(Records for processing)

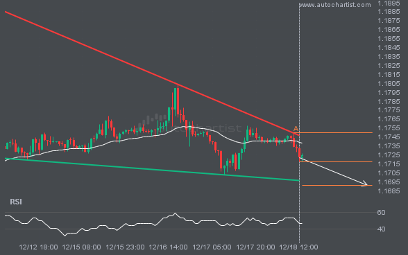 EURUSD is moving toward a support line it has tested many times. It has retraced from this line before, so it’s unclear whether it will break through or rebound again. If EURUSD continues on its current trajectory, it could reach 1.1691 within the next 2 days.
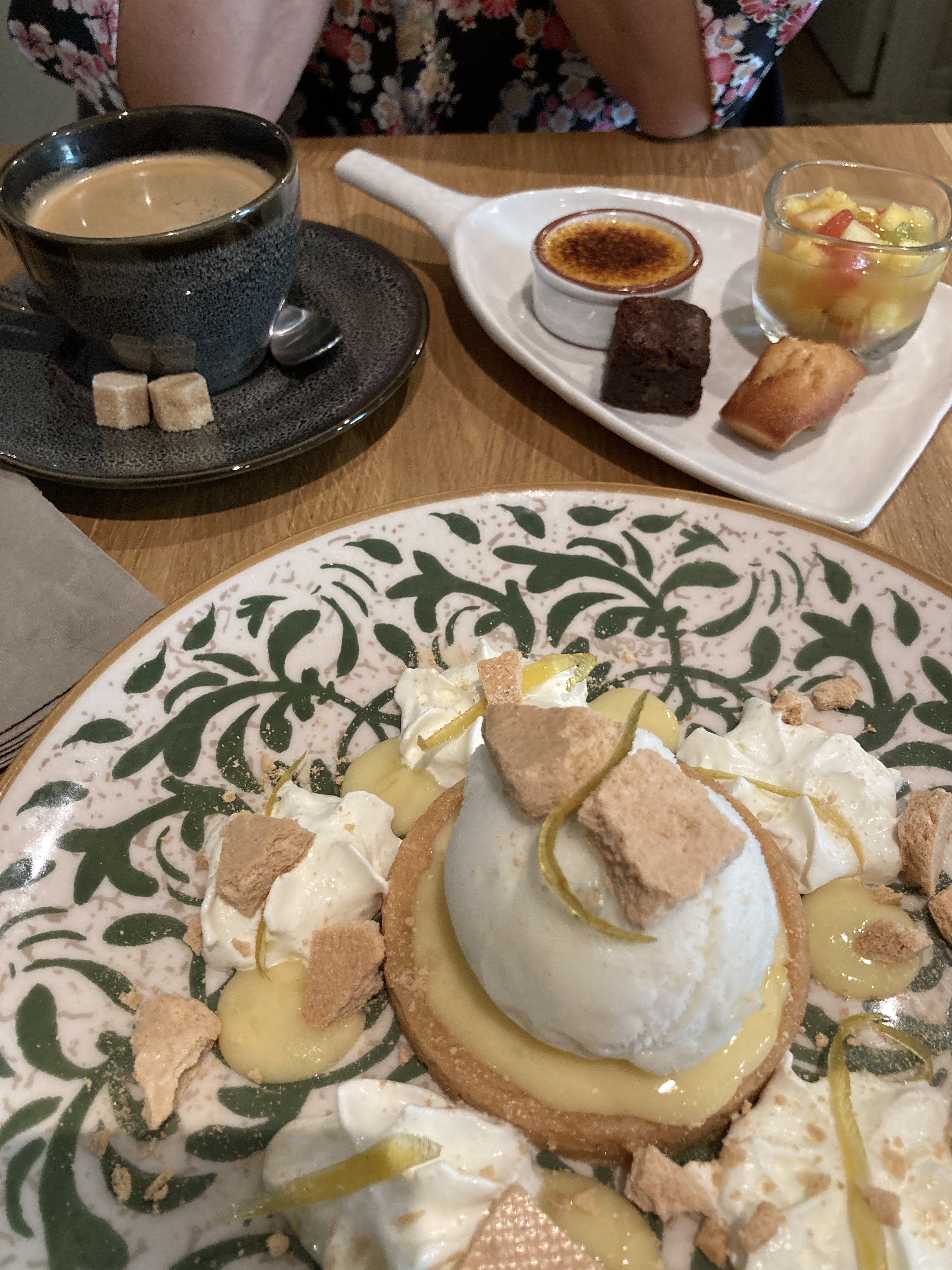 Cuisine : plat du jour agréable et bien préparé. Délicieux café gourmand fait maison. Service : accueillant et efficace. Deux bémols cependant : ambiance vraiment très bruyante et prix du vin au verre trop élevé.
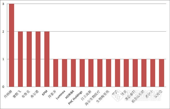 從領(lǐng)域上看,并購交易主要集中在生命科學(xué)領(lǐng)域,總計達(dá)到11筆;分析儀器次之,交易數(shù)量累計7筆。上半年,丹納赫集團(tuán)(含貝克曼庫爾特)的收購數(shù)量暫時領(lǐng)先。進(jìn)口品牌仍是資本市場的主導(dǎo)者,但萊伯泰科、海爾生物醫(yī)療等國產(chǎn)企業(yè)也有不俗表現(xiàn)。
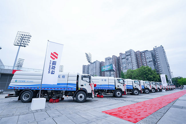 本次交付的新能源环卫车辆包含35台18吨纯电动洗扫车及10台4吨路面养护车。基于成都城市“坡多、弯多”的地理特色,该批车辆采用了福田汽车旗下的最先进的欧曼新能源底盘,上装配置了人生就是博自主研发的智能清扫系统,具有低噪音、低排放、高效率、高可靠性等特点,能够满足成都市不同道路、场景的清扫作业需求。
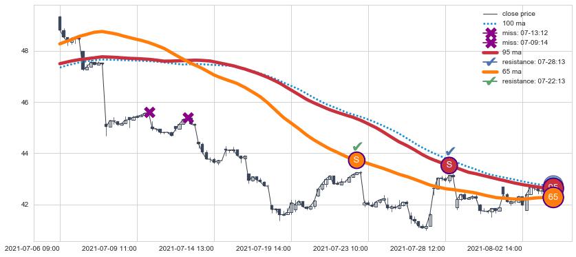 ⚁ MA60和MA90走势平行,且始终保持在短距离内,MA120始终在短中期均线上方,与短中期均线保持一定的距离,微微下行
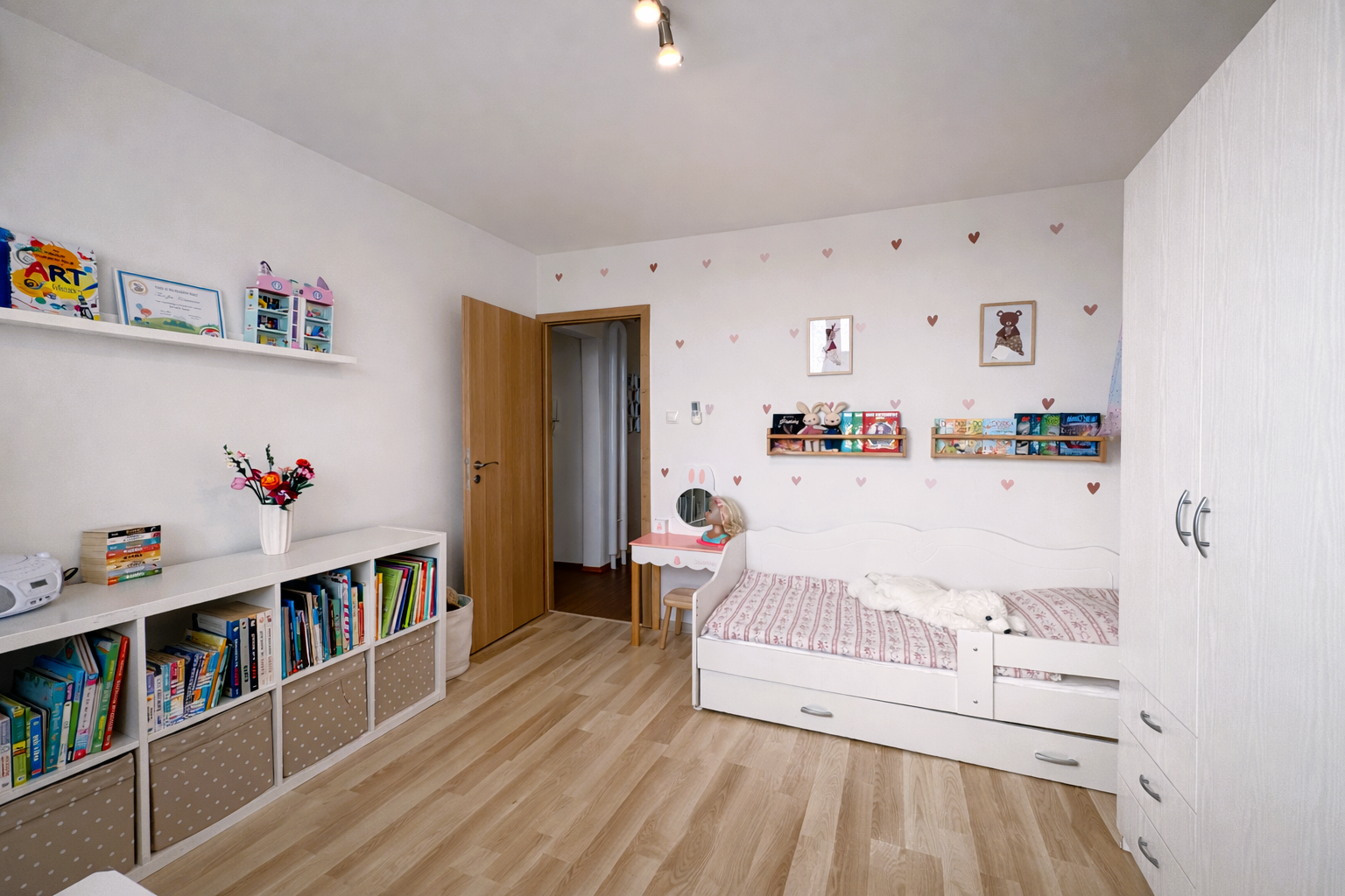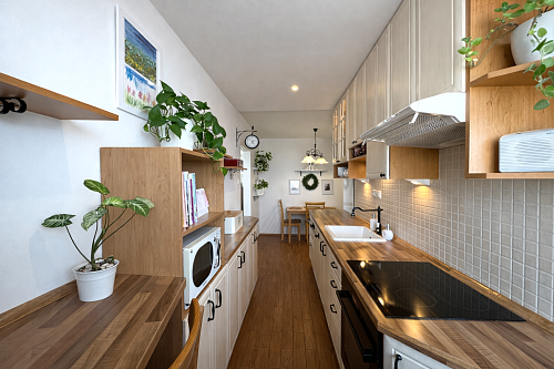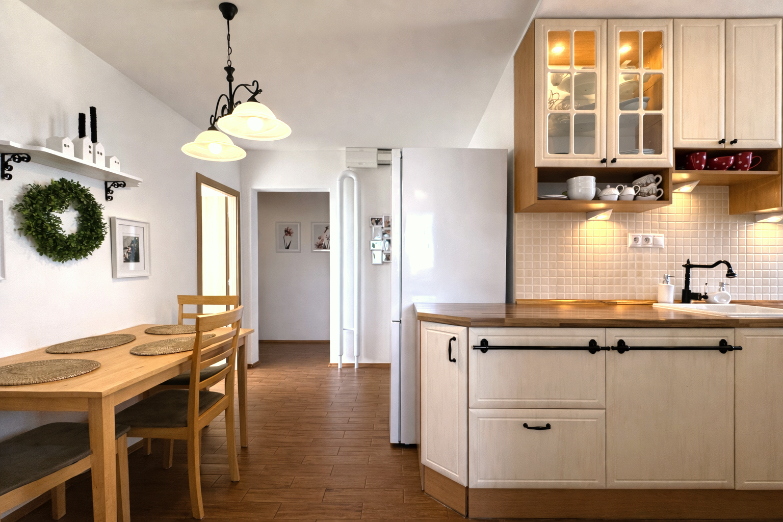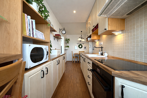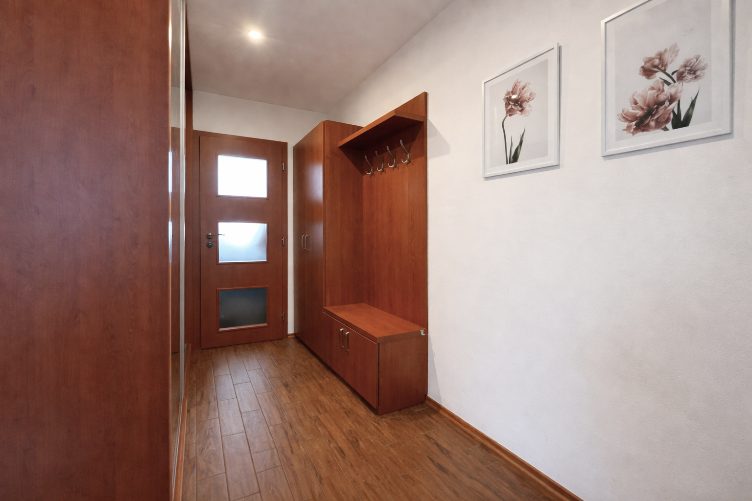 Kuchynská linka je vyrobená na mieru a vybavená vstavanými spotrebičmi – umývačka riadu, indukčná varná doska a elektrická rúra. V byte sa nachádzajú aj vstavané skrine na mieru v spálni a na chodbe a praktický nábytok v obývačke vrátane pracovného priestoru.
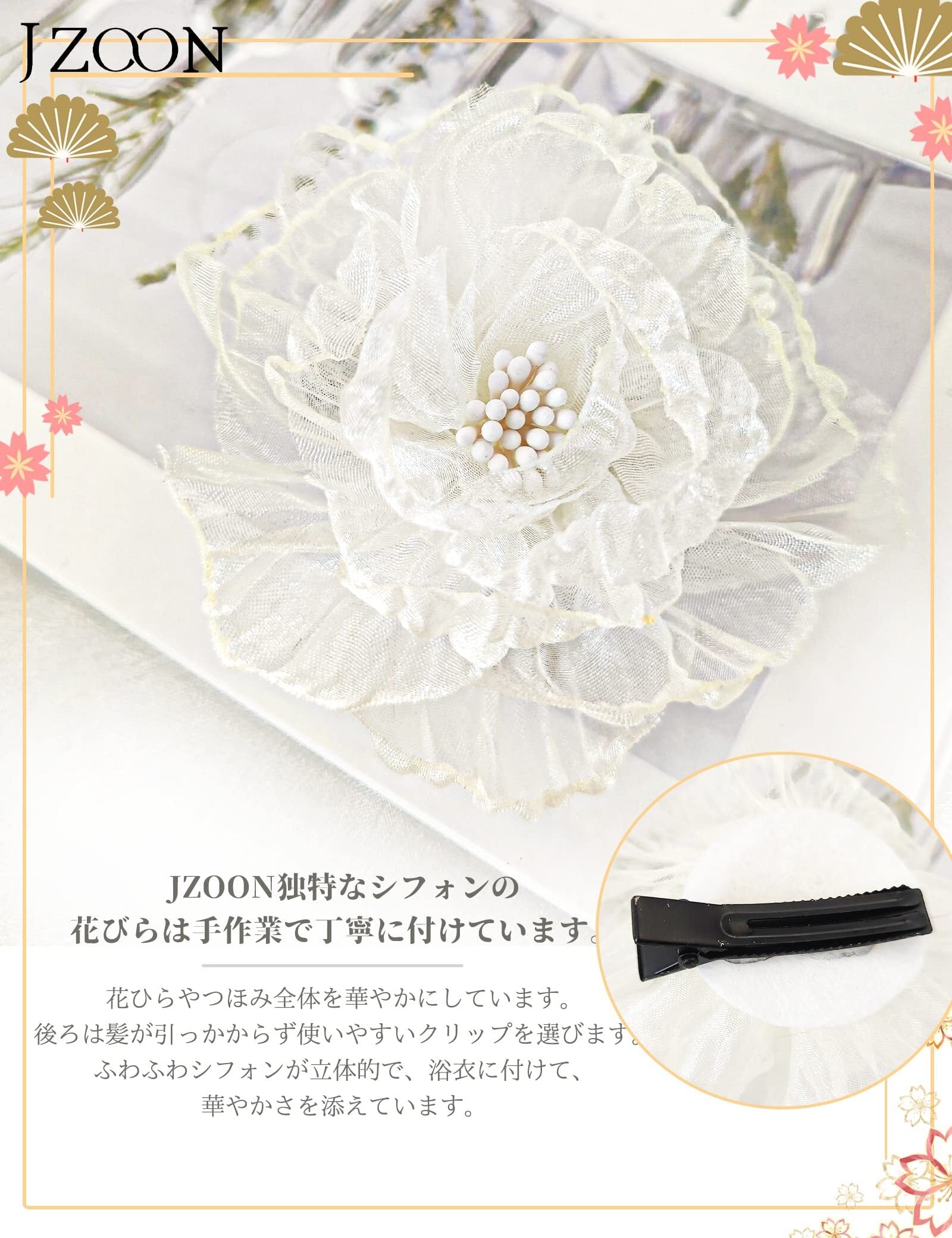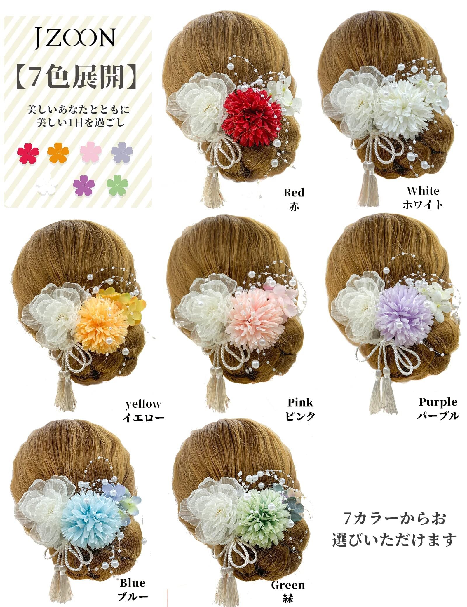 【七色展開】お手作りした髪飾りは7色からお選びいただけます。お花はUピンで、髪に優しく、脱着簡単!髪型に合わせて、お花の角度を調整することができ、アレンジも自由です。

(End Records for processing)

Instructions to follow →
Reproduce the lines from the one with "Kuchynská linka je" through the end of the data, keeping both end lines, adding nothing, and dropping any pictures.

Task response →
 Kuchynská linka je vyrobená na mieru a vybavená vstavanými spotrebičmi – umývačka riadu, indukčná varná doska a elektrická rúra. V byte sa nachádzajú aj vstavané skrine na mieru v spálni a na chodbe a praktický nábytok v obývačke vrátane pracovného priestoru.
 【七色展開】お手作りした髪飾りは7色からお選びいただけます。お花はUピンで、髪に優しく、脱着簡単!髪型に合わせて、お花の角度を調整することができ、アレンジも自由です。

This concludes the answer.